### What the task requires
Among the lines below, copy exactly those from the one with "Augusta_Georgia Broad Street" through the one with "2026年春节将至,广西文旅", counting both ends.

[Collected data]

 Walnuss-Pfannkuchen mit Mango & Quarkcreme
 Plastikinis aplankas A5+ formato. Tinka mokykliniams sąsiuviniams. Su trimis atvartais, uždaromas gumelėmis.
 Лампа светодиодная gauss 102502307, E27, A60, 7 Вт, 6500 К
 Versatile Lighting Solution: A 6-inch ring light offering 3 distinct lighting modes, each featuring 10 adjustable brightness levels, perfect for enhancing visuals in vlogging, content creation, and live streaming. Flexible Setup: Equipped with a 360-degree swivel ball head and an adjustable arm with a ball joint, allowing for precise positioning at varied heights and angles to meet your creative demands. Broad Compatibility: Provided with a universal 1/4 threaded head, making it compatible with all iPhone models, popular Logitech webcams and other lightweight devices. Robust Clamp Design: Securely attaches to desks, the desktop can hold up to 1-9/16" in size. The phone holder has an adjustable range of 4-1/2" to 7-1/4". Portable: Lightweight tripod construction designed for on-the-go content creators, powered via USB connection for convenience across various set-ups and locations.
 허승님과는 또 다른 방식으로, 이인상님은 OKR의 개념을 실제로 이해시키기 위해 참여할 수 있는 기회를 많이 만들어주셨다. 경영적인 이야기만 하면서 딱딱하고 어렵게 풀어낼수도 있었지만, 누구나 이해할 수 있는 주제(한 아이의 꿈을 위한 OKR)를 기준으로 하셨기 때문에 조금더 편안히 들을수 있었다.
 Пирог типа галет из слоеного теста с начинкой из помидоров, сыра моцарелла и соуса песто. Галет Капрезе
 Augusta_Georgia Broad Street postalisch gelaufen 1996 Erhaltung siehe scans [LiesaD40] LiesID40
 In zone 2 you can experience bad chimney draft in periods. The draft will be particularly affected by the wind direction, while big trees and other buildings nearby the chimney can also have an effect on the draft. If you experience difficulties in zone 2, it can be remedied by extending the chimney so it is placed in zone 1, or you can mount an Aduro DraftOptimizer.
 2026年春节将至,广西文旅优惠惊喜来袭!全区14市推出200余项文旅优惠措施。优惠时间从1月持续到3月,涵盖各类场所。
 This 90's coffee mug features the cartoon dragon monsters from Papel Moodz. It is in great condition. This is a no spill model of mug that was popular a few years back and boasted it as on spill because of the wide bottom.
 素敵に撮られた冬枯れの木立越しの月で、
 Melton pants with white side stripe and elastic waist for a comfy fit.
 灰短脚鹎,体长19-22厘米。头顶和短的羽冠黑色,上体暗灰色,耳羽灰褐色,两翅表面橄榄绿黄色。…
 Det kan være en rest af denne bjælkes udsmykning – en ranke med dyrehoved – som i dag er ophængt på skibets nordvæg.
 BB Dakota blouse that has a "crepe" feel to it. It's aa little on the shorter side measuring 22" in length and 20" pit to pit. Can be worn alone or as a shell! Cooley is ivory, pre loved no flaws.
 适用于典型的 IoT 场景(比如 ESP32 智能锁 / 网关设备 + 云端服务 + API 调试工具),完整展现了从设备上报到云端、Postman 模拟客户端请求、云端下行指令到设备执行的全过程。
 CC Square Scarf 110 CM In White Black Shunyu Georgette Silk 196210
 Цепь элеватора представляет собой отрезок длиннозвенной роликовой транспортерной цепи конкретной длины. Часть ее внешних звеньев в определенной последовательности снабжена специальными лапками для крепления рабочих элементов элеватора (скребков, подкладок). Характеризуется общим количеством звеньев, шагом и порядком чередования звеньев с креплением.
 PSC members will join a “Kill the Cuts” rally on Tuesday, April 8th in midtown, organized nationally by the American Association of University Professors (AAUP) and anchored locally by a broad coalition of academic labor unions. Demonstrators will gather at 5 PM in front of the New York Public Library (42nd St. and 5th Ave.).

### Reply to the exercise
 Augusta_Georgia Broad Street postalisch gelaufen 1996 Erhaltung siehe scans [LiesaD40] LiesID40
 In zone 2 you can experience bad chimney draft in periods. The draft will be particularly affected by the wind direction, while big trees and other buildings nearby the chimney can also have an effect on the draft. If you experience difficulties in zone 2, it can be remedied by extending the chimney so it is placed in zone 1, or you can mount an Aduro DraftOptimizer.
 2026年春节将至,广西文旅优惠惊喜来袭!全区14市推出200余项文旅优惠措施。优惠时间从1月持续到3月,涵盖各类场所。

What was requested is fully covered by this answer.